/---

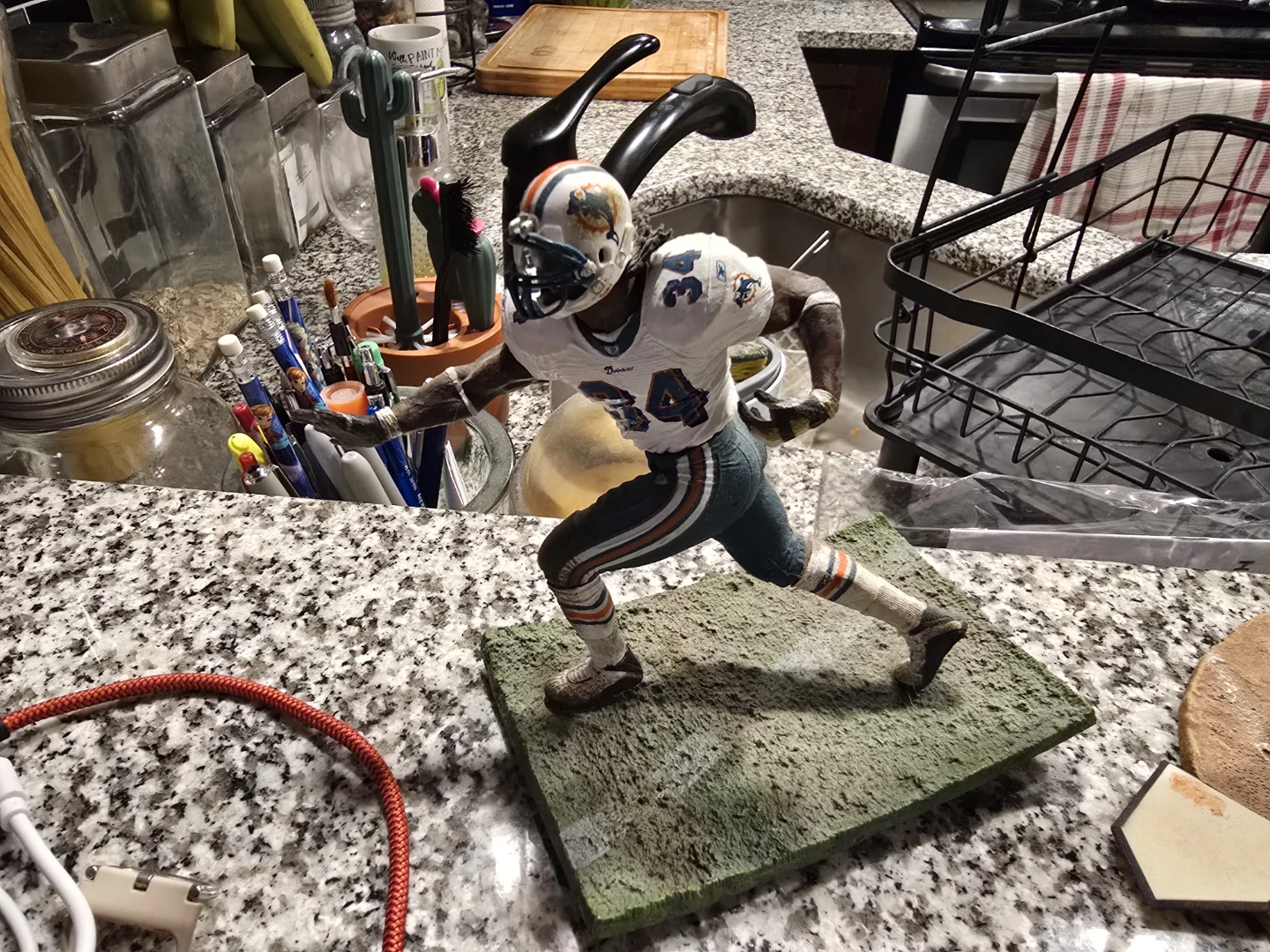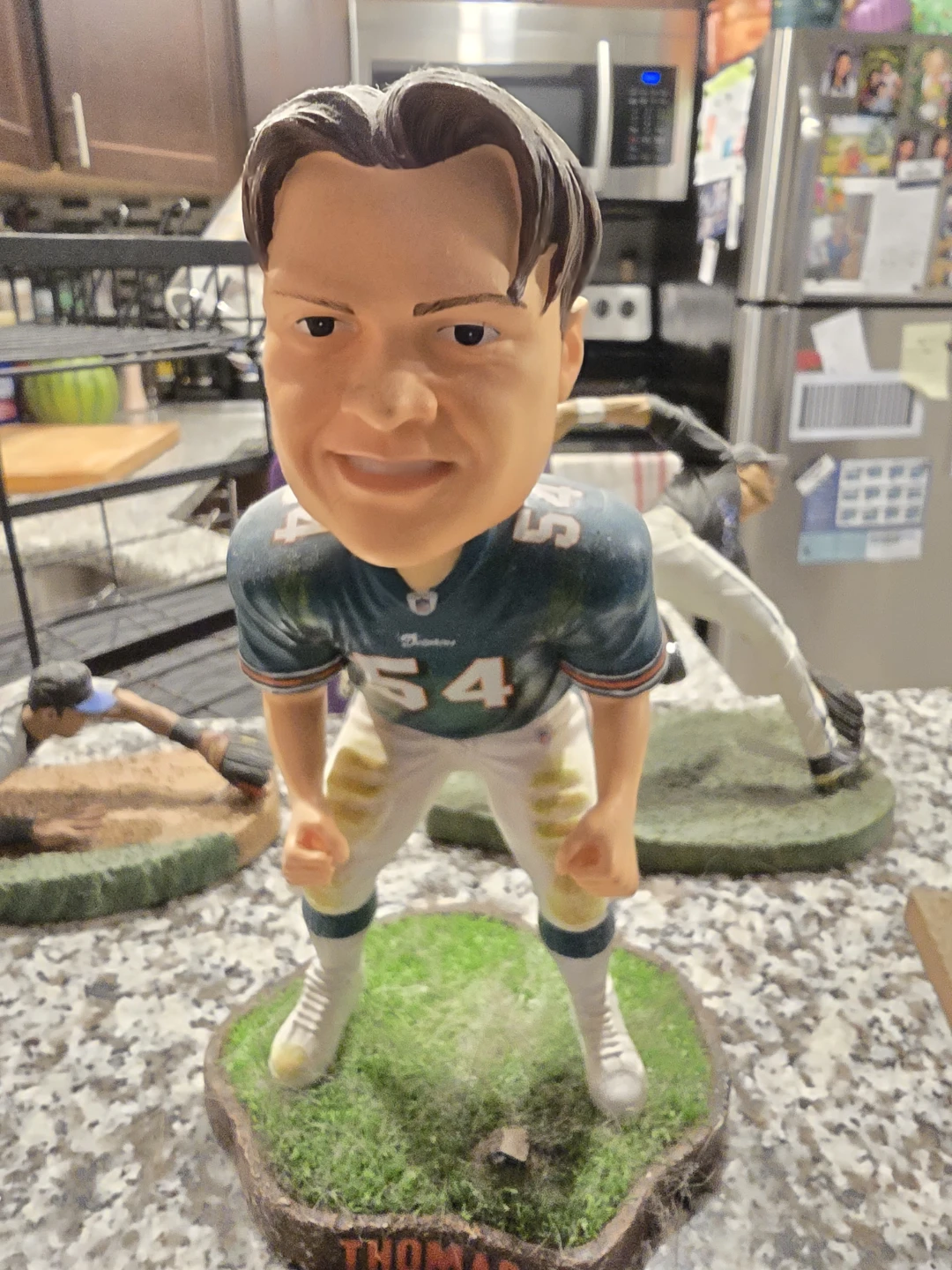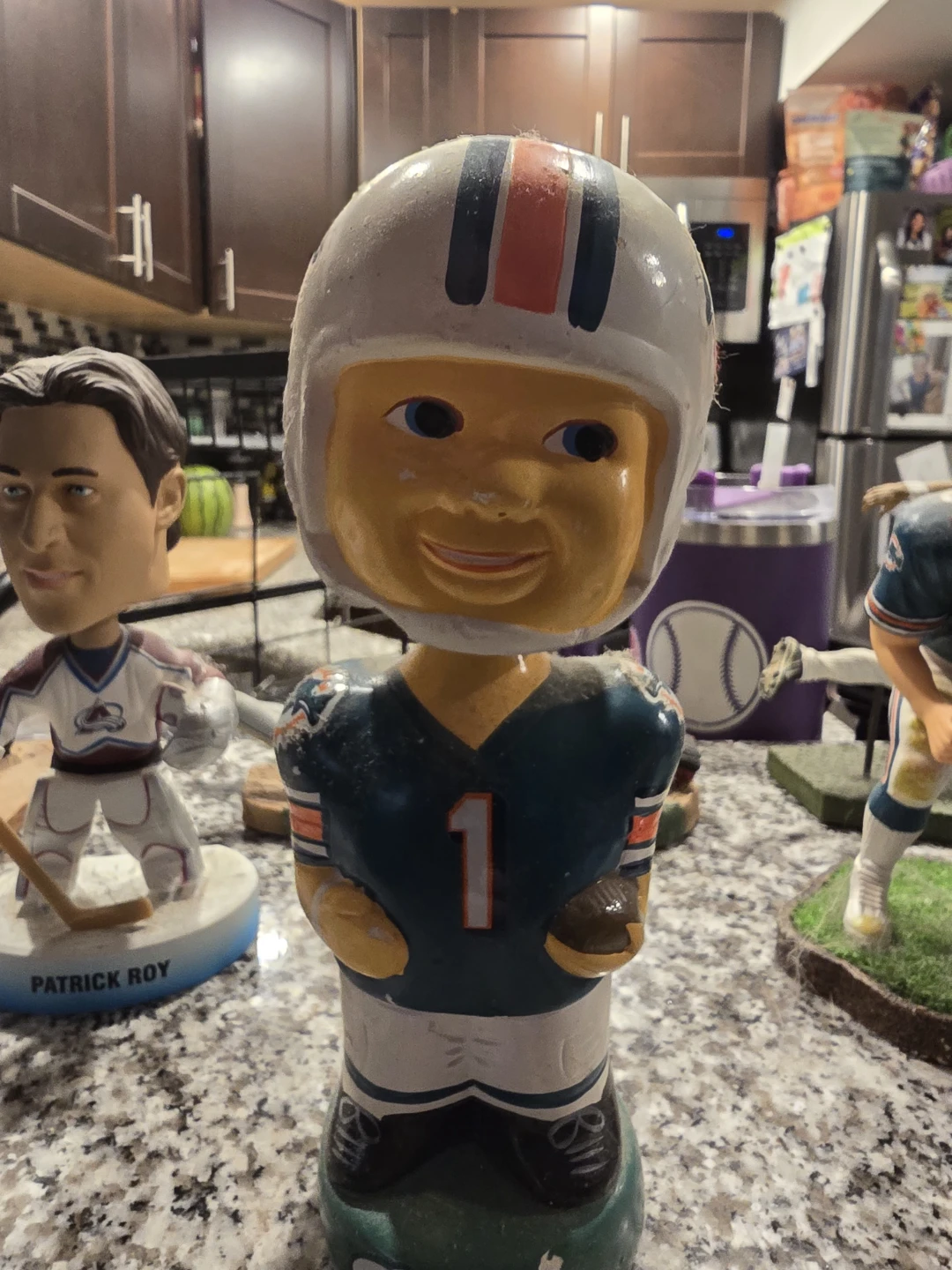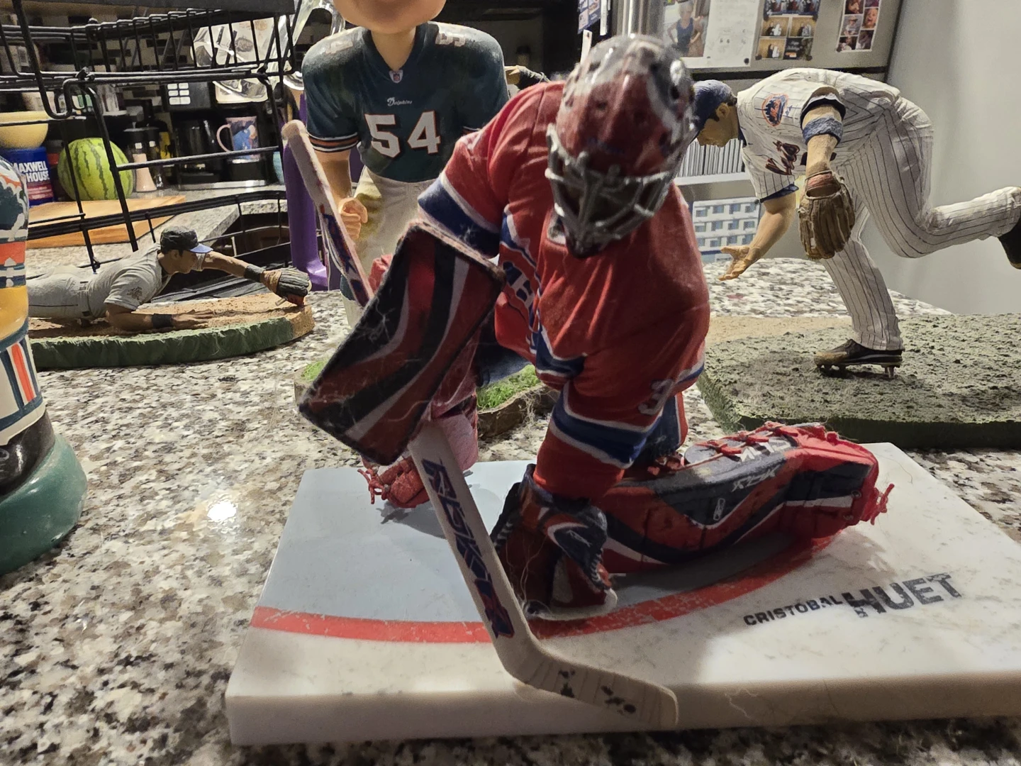 A collectible figurine depicting The Beatles walking across Abbey Road. This detailed piece captures the iconic album cover. It's a great display item for any music fan! Plus baseball, hockey and football figurine.
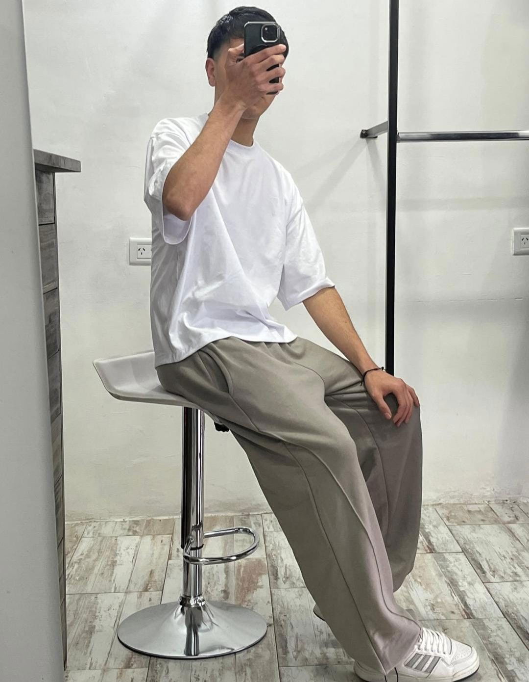La prenda básica que no puede faltar: corte boxy fit oversize, color gris melange lavado súper combinable.
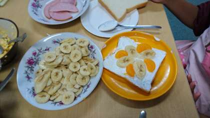ホイップクリームにミカンとバナナをのせて、フルーツクリームサンドを作りました。
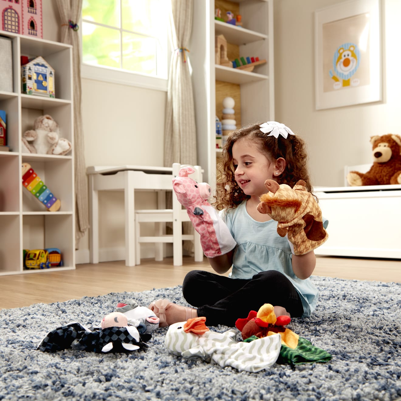 Kids two and older (and adults. too!) will go hog wild for this soft and cuddly deluxe farm animals hand-puppet set! The friendly cow. sheep. horse. duck. chicken. and pig make it easy for children and caregivers to role-play together. An insert in the package is designed to work as a puppet theater. The simple glove puppets help kids and adults act out scenes. practice new vocabulary. and spend quality time playing together. Great for motor skills and self-confidence. too! Made with brightly patterned. washable fabrics and built to last. these soft and sweet glove puppets fit kids and most adults and are sure to be go-to toys for years to come.
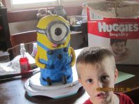 I made your minion for my great nephew’s 4th birthday. Thank you very much for your tutorial. It was the best I found. I am a very amateur cake decorator & I am definitely loving it very much! My 6″ x 2″ cake layers were exactly the size of the template but I couldn’t get legs underneath! Also I had an awful time with my fondant tearing. The yellow was fresh unopened Wilton yellow fondant. I used all I had of that yellow & that blue & it looked tacky to me. But my nephew & his wife were thrilled with it as was Kevin. Thank you!

\---

**Aim of the task**.
With the pictures excluded, the line containing "ホイップクリームにミカンとバナナをのせて、フルーツクリームサンドを作りました。" and every line after it through the end of the data above are to be transcribed exactly, and nothing more.

**Task response**.
ホイップクリームにミカンとバナナをのせて、フルーツクリームサンドを作りました。
 Kids two and older (and adults. too!) will go hog wild for this soft and cuddly deluxe farm animals hand-puppet set! The friendly cow. sheep. horse. duck. chicken. and pig make it easy for children and caregivers to role-play together. An insert in the package is designed to work as a puppet theater. The simple glove puppets help kids and adults act out scenes. practice new vocabulary. and spend quality time playing together. Great for motor skills and self-confidence. too! Made with brightly patterned. washable fabrics and built to last. these soft and sweet glove puppets fit kids and most adults and are sure to be go-to toys for years to come.
 I made your minion for my great nephew’s 4th birthday. Thank you very much for your tutorial. It was the best I found. I am a very amateur cake decorator & I am definitely loving it very much! My 6″ x 2″ cake layers were exactly the size of the template but I couldn’t get legs underneath! Also I had an awful time with my fondant tearing. The yellow was fresh unopened Wilton yellow fondant. I used all I had of that yellow & that blue & it looked tacky to me. But my nephew & his wife were thrilled with it as was Kevin. Thank you!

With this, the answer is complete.